Using Emerson Rosemount wireless transmitters, E.ON is now able to collect flow measurement data from flowmeters installed throughout the turbine hall.

The self-organising wireless network delivers the data for trending in an OSIsoft PI historian, which helps personnel monitor water usage within the system.

E.on Kingsnorth, a 1940MW generating facility located on the Medway Estuary in Kent, UK, needed a solution to monitor and measure water usage within its main plant.

They decided to install non-intrusive ultrasonic flowmeters to carry out this task.

The high cost of wiring associated with a conventional cabled solution and a desire to embrace the latest networking technology led E.ON to evaluate wireless technologies that could meet its needs.

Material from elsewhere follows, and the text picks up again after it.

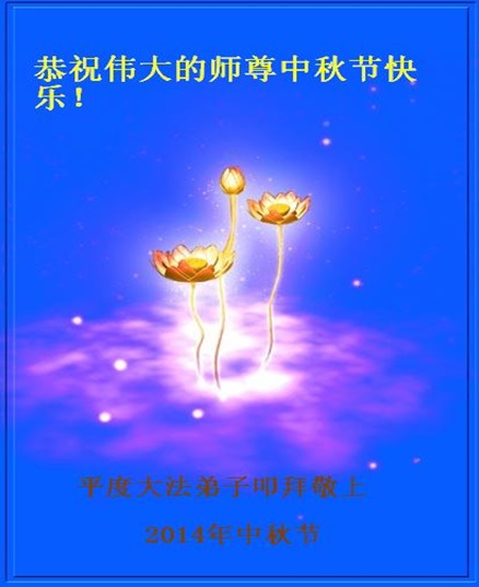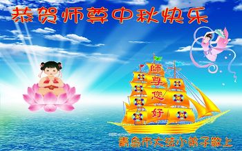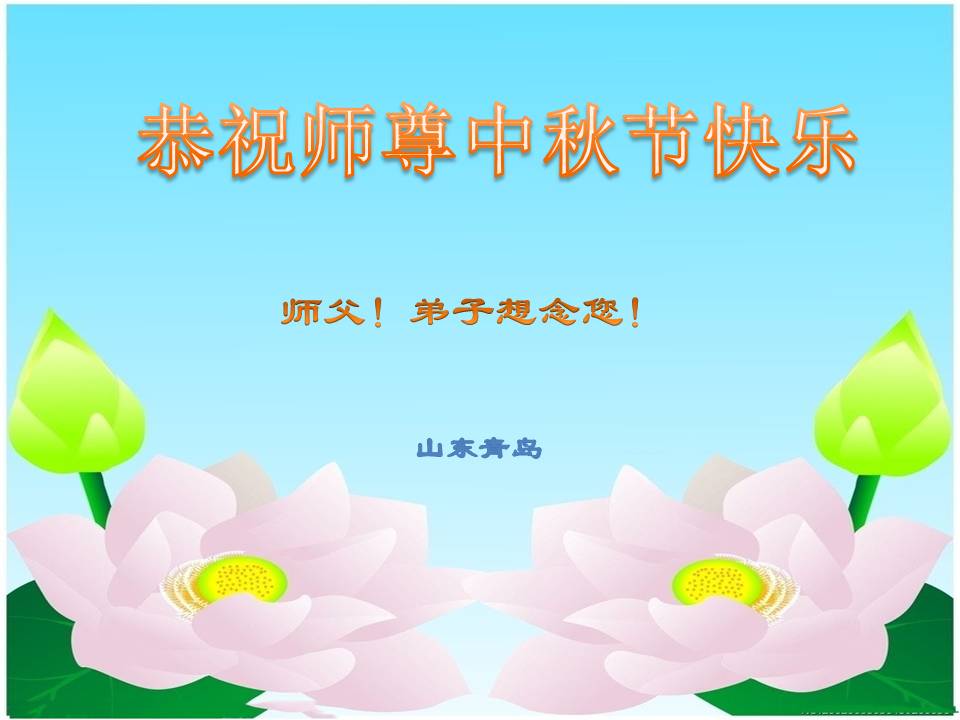 師尊:您好!感恩不盡師父的慈悲苦度,弟子一定做好三件事,修煉如初,救度眾生。師父啊,弟子非常想念您,盼望師父能早日回大陸與我們共度中秋佳節!合十

Having initially undertaken extensive trials of Emerson Smart Wireless technology, E.ON selected the Emerson solution because it offered high levels of reliability and long transmitting distance, as well as the ability to add additional devices to the network without the need for additional infrastructure.

The turbine hall at Kingsnorth is around 500m long and presents a difficult working environment for wireless as it houses large turbines, vast amounts of metal piping and a number of metal walkways that could interfere with the wireless signal.

Such an environment would not be suitable for a line of sight wireless solution, but Emerson Smart Wireless technology encountered no problems in terms of routing data back to the gateway or reliability of connection.

The self-organising network provides redundant routes for the data to pass back to the gateway.

Each wireless device can act as a router for other nearby devices, passing messages along until they reach their destination.

If there is an obstruction, transmissions are simply re-routed along the network until a clear path to the Smart Wireless Gateway is found.

As conditions change or new obstacles are encountered in a plant, such as temporary scaffolding, new equipment, or a parked lorry, these wireless networks simply reorganise and find a way to get their signals through.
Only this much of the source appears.